Items from a dataset
=====

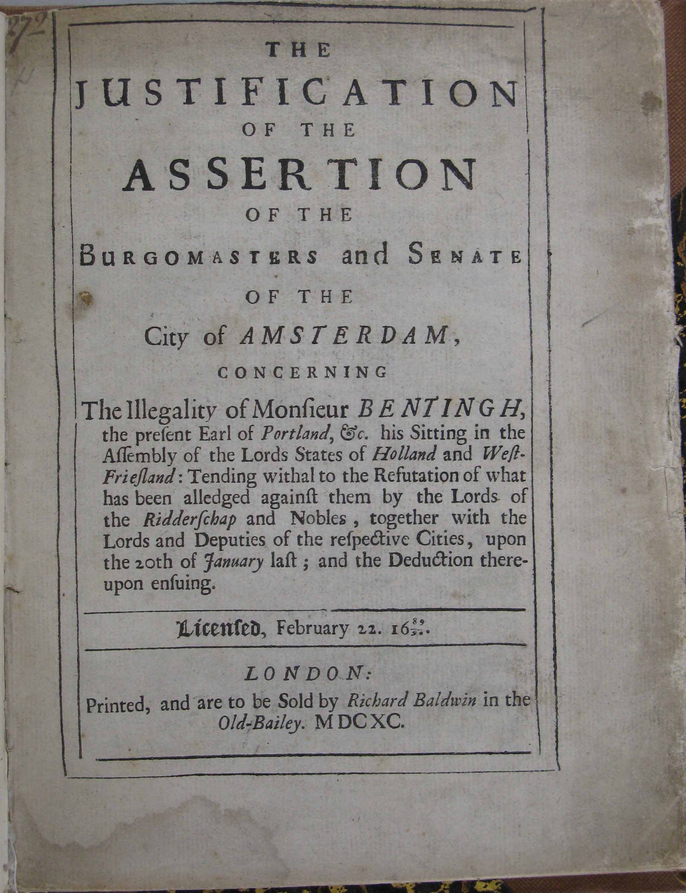 - Justification of the Assertion of the Burgomasters and Senate of the City of Amsterdam, concerning The Illegality of Monsieur Bentingh, the present Earl of Portland, etc.
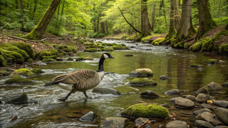 Goose in a stream in the forest with green moss and stones
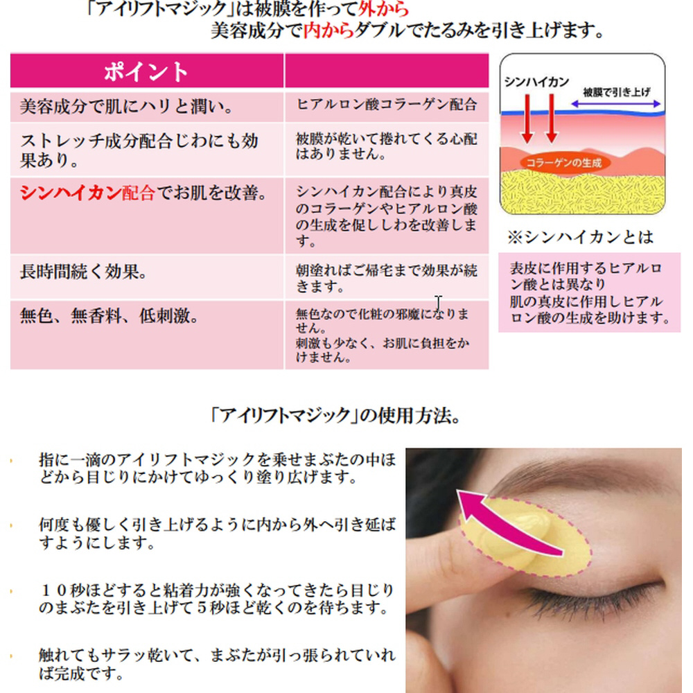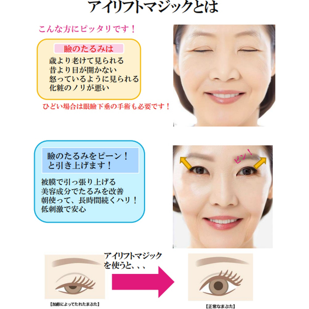 アイリフトマジックは、特に中高年の女性におすすめの「まぶたのたるみ」に効果的な美容液です。年齢とともに張りを失いがちな「まぶた」に働きかけ、被膜によってリフトアップ効果を与えます。
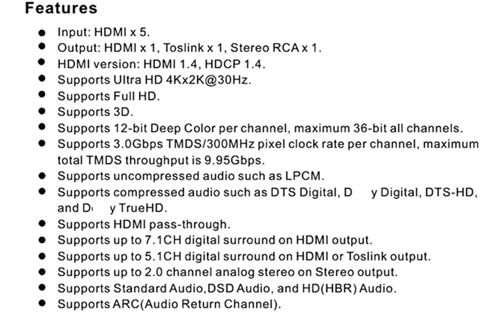 Этот товарБез функции декодирования,Он не декодирует цифровой/DTS, вам нужно добавить аудио декодер!
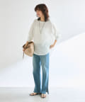 長めのレングスで履くとフレアシルエットような見え方になります。

=====

▸ Prompt
Output all the entries above verbatim, please. No images.

▸ Written solution
 - Justification of the Assertion of the Burgomasters and Senate of the City of Amsterdam, concerning The Illegality of Monsieur Bentingh, the present Earl of Portland, etc.
 Goose in a stream in the forest with green moss and stones
 アイリフトマジックは、特に中高年の女性におすすめの「まぶたのたるみ」に効果的な美容液です。年齢とともに張りを失いがちな「まぶた」に働きかけ、被膜によってリフトアップ効果を与えます。
 Этот товарБез функции декодирования,Он не декодирует цифровой/DTS, вам нужно добавить аудио декодер!
 長めのレングスで履くとフレアシルエットような見え方になります。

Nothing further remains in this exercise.